So much for universal moral codes and the people of the world’s different faiths holding hands and singing “Kumbaya.” If Maccoby is to be believed, Christianity’s founder is an egotistical adventurer who created a religion that made him the Alpha Apostle while marginalizing the other apostles and, worse, painting the Jews as an evil people for rejecting his mad religion based on a projection of his own psychoses and “visions.”
Maccoby’s account of Paul is the most scathing I’ve ever come across. Slightly less virulent is James Tabor’s Paul and Jesus: How the Apostle Transformed Christianity. Tabor explores how Paul, who never met Jesus, could be such a dominant force in Christianity. Paul claims to have had out-of-body experiences and personal revelation of Jesus, making him the number-one apostle. He also boasts of working harder than the others He also has “far superior” commiseration with Christ and makes it clear that it was decided when he was in his mother’s womb that he would be known as Number One.
For Tabor, there are two Christianities: The “Christianity before Paul” and the one after. We can infer that the Pauline version is a corruption of the Jesus version.
Like Hyam Maccoby, Tabor argues that Paul had a “bitter break” with the original Jesus movement and essentially invented Christianity. He did this through a “literary victory, reinforced by an emerging theological orthodoxy back by Roman political power after the time of the emperor Constantine. Tabor argues that the “literary victory” is based on three things: One, the Gospel of Mark is Pauline in theology. Two, Luke’s Book of Acts expands Mark’s story and Pauline theology. Three, “six later letters written in Paul’s name” “muted” his radical message and “pleased the church.”
Tabor calls Acts “the master narrative,” which he hints is deceptive because the author wants to be anonymous and make the document appear older than it is. The date of Acts could be 90 A.D. or even “well into the second century A.D.” Such a manuscript should not be taken as history but as propaganda.

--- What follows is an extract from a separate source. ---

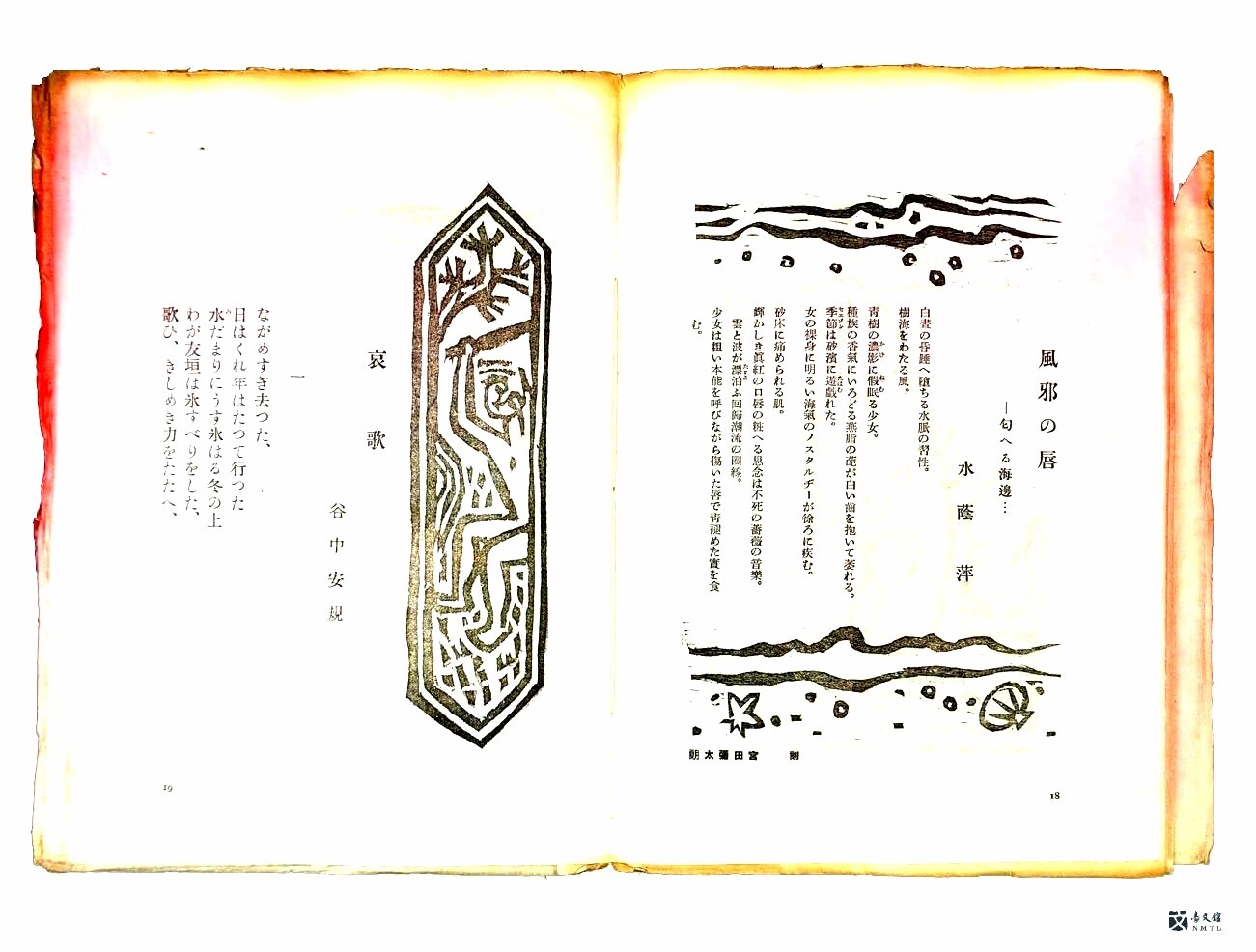 媽祖第二卷第二冊──詩?版畫百花春》裡收錄楊熾昌風邪〈風邪?唇〉,搭配宮田彌太郎所刻的版畫。

For one, there is a “deliberate obscuring of the original Christianity before Paul,” a claim similar to Maccoby’s.
Paul’s claim of being the number-one apostle is reinforced when he says he was chosen, “unlike the other apostles, before he was even born--while still in his mother’s womb.” Paul is a “second Christ” commissioned to spread the gospel throughout the world.”
Paul’s rift with the others is indicated in his letters: “I am not the least inferior to these super-apostles,” whom he calls “false apostles, deceitful workmen, disguising themselves as apostles of Christ” (2 Corinthians 11:5, 13).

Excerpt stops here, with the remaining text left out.